Peek worries about Parkites one day leaving the city because they find it lacks the atmosphere that attracted them.

"If the local residents don’t find this a good, healthy, safe place to live and start moving away, that’s unfortunate," Peek says.

He recalls two well-publicized decisions that engaged Parkites — Empire Pass and the renovation of the Carl Winters Building into the Park City Library and Education Center. Peek says regular Parkites were influential in the Empire Pass talks, convincing the developer to alter the project.

Peek and Murphy replace Jim Barth and Mark Sletten, who each stepped off the Planning Commission before their terms expired. The terms end in July 2009.

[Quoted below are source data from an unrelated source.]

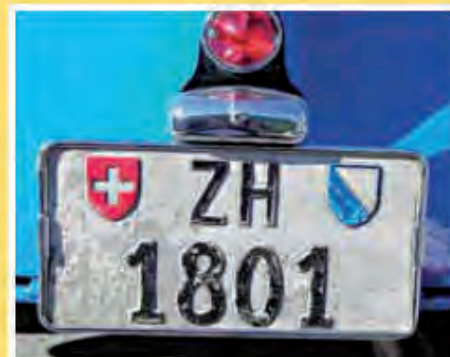
Peugeot Darl'mat 1. majitel kanton Zürich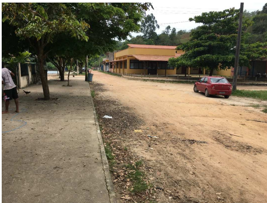
Foto de trecho com calçada executada e meio-fio sem sarjeta

Os únicos meios de se alcançar a região são de carro ou a pé. Não há mais transporte coletivo para o local devido a redução dos royalties no final de 2017. A estrada é feita de barro batido e a paisagem na sua quase totalidade é formada por pastagens. Chegando ao centro do povoado após 13 quilômetros de estrada, encontramos a estação de 'Juturnahyba' às margens da represa de mesmo nome. O trecho em estudo encontra-se após a estação ferroviária e se prolonga por cerca de 210,00m até os restaurantes, quadra poliesportiva e posto de saúde.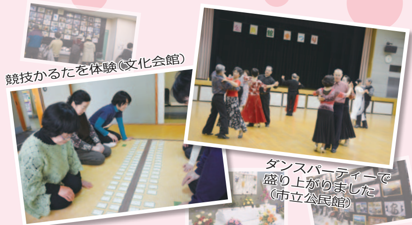
競技かるたを体験(文化会館)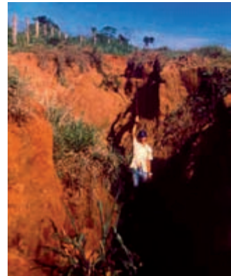
Figura 4. Voçoroca em áreas inicialmente cobertas com pastagem no Pontal do Paranapanema, SP. Foto: P. Espíndola Trani, 1995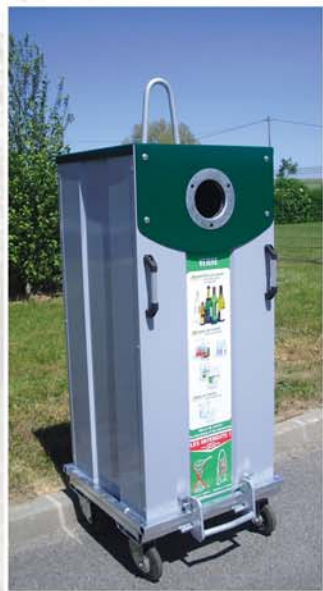
Conteneur 600 L à roulettes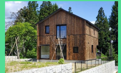
山形県の高断熱省エネ住宅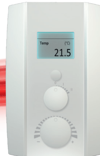
NOVOS 5 x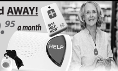
This Button SAVES Lives! As Shown GPS, Lowest Price Guaranteed!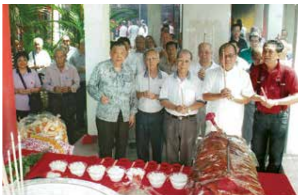
碧山亭同事于2013年清明节拜祭七君子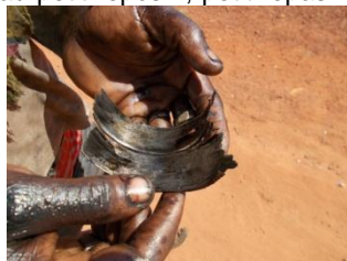
pendant plusieurs jours.

- 23h30 arrivée à Sévaré « au petit repos », petit repas réparateur et bonne douche... Je ne veux plus entendre parler du fourgon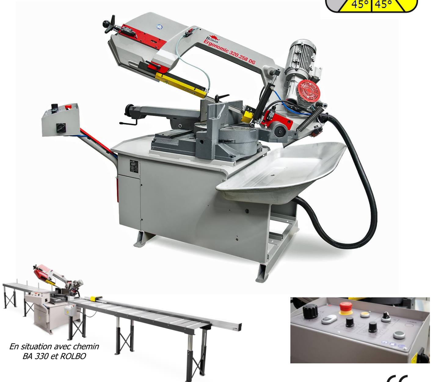
En situation avec chemin BA 330 et ROLBO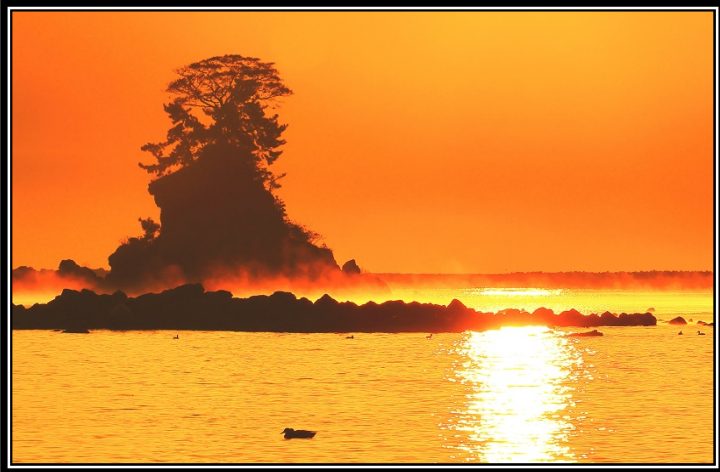
題名「夜明けの雨晴海岸」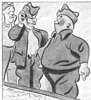
— „Das kommt vom lockeren Stroh. Der Staub fliegt Dir in die Nase. Mir macht es nichts mehr aus.“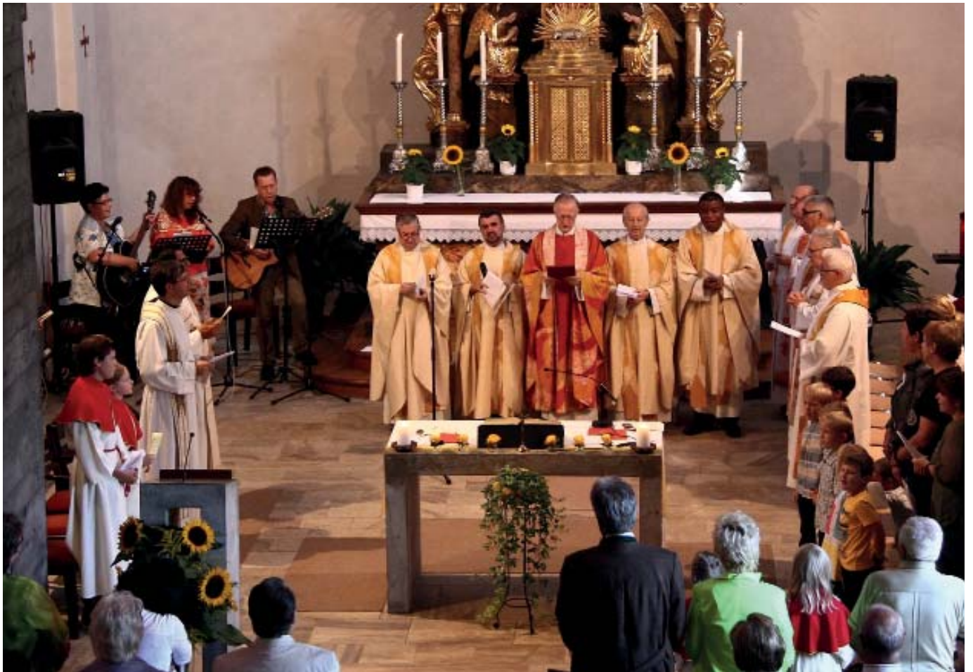
Festgottesdienst in Dolina am 17. August 2015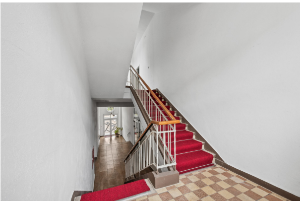
Flur im 1. OG

Peek foresees the Planning Commission wrangling about the Sweeney family’s Treasure Hill plans on the slopes of Park City Mountain Resort, one of the larger proposals he will likely see as a Planning Commissioner.

Talks stalled months ago, with the Sweeneys reconsidering designs and neighbors on streets like Empire Avenue and Lowell Avenue leery of more traffic. The family wants to build the project on a hillside immediately west of Old Town, and the Sweeneys hold longstanding development rights at the site.

Peek says he has not followed the Treasure Hill discussions closely, but he worries about traffic. But Peek also acknowledges the Sweeney blueprints appear to be preferred to a spread-out project on the high-profile hillside.

"The alternative is a sprawling development," he says.